(Exercise aim): Retype the data that follows line by line, exactly, and leave its pictures out.

[Data extracted from a collection]
***

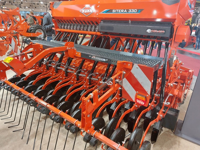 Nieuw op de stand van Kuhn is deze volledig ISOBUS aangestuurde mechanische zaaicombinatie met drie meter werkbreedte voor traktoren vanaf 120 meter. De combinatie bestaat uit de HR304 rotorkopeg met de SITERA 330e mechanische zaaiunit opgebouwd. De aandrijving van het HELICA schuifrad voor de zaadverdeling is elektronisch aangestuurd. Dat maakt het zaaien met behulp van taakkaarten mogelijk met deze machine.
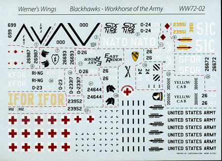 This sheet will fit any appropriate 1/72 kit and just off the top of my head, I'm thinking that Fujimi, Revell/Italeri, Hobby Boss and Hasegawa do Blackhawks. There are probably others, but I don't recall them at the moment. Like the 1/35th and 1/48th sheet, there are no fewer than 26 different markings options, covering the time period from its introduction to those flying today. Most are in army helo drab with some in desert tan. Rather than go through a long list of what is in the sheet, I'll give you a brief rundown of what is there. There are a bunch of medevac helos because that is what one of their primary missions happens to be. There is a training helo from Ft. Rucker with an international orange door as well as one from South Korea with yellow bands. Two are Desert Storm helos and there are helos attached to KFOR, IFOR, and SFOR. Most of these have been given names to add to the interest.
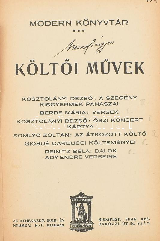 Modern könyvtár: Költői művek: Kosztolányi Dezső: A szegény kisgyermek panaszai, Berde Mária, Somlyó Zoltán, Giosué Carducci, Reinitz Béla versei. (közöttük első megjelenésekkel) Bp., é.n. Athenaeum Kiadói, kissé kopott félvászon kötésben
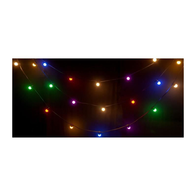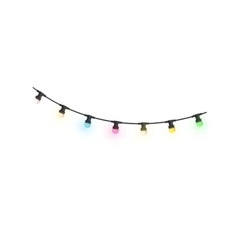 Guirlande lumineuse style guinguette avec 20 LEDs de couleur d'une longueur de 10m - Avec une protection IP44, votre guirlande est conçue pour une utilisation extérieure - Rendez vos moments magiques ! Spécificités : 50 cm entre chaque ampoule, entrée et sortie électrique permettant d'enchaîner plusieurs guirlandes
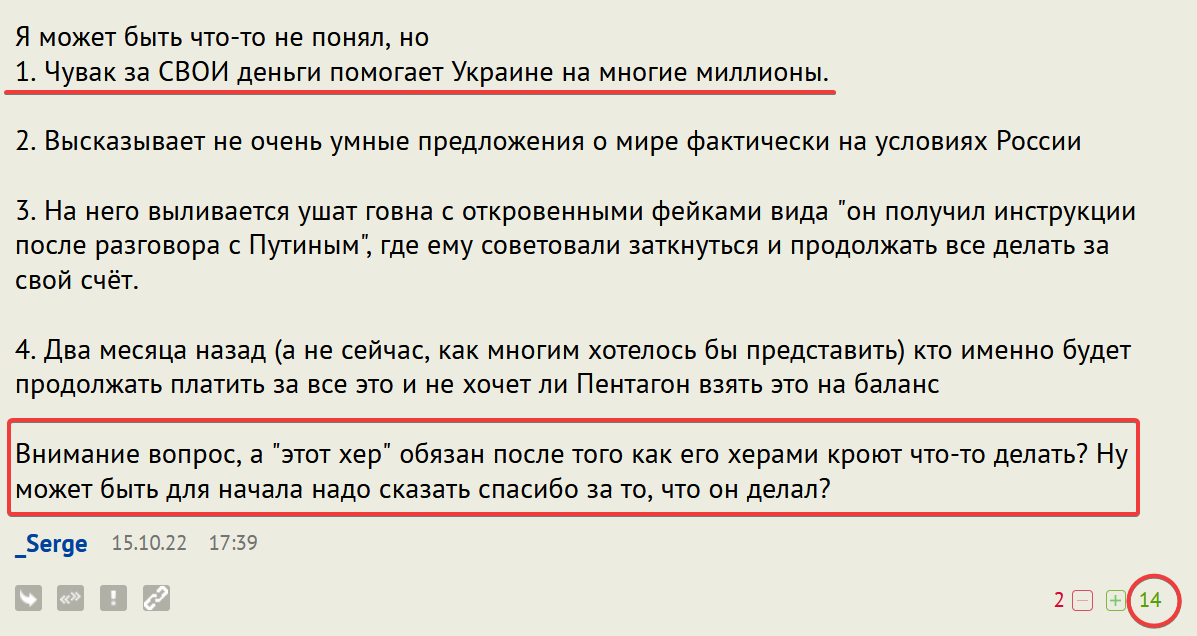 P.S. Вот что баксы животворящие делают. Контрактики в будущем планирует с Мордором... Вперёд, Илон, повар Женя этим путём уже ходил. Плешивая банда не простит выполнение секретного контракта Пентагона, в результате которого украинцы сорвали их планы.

***

(Response to the task):
 Nieuw op de stand van Kuhn is deze volledig ISOBUS aangestuurde mechanische zaaicombinatie met drie meter werkbreedte voor traktoren vanaf 120 meter. De combinatie bestaat uit de HR304 rotorkopeg met de SITERA 330e mechanische zaaiunit opgebouwd. De aandrijving van het HELICA schuifrad voor de zaadverdeling is elektronisch aangestuurd. Dat maakt het zaaien met behulp van taakkaarten mogelijk met deze machine.
 This sheet will fit any appropriate 1/72 kit and just off the top of my head, I'm thinking that Fujimi, Revell/Italeri, Hobby Boss and Hasegawa do Blackhawks. There are probably others, but I don't recall them at the moment. Like the 1/35th and 1/48th sheet, there are no fewer than 26 different markings options, covering the time period from its introduction to those flying today. Most are in army helo drab with some in desert tan. Rather than go through a long list of what is in the sheet, I'll give you a brief rundown of what is there. There are a bunch of medevac helos because that is what one of their primary missions happens to be. There is a training helo from Ft. Rucker with an international orange door as well as one from South Korea with yellow bands. Two are Desert Storm helos and there are helos attached to KFOR, IFOR, and SFOR. Most of these have been given names to add to the interest.
 Modern könyvtár: Költői művek: Kosztolányi Dezső: A szegény kisgyermek panaszai, Berde Mária, Somlyó Zoltán, Giosué Carducci, Reinitz Béla versei. (közöttük első megjelenésekkel) Bp., é.n. Athenaeum Kiadói, kissé kopott félvászon kötésben
 Guirlande lumineuse style guinguette avec 20 LEDs de couleur d'une longueur de 10m - Avec une protection IP44, votre guirlande est conçue pour une utilisation extérieure - Rendez vos moments magiques ! Spécificités : 50 cm entre chaque ampoule, entrée et sortie électrique permettant d'enchaîner plusieurs guirlandes
 P.S. Вот что баксы животворящие делают. Контрактики в будущем планирует с Мордором... Вперёд, Илон, повар Женя этим путём уже ходил. Плешивая банда не простит выполнение секретного контракта Пентагона, в результате которого украинцы сорвали их планы.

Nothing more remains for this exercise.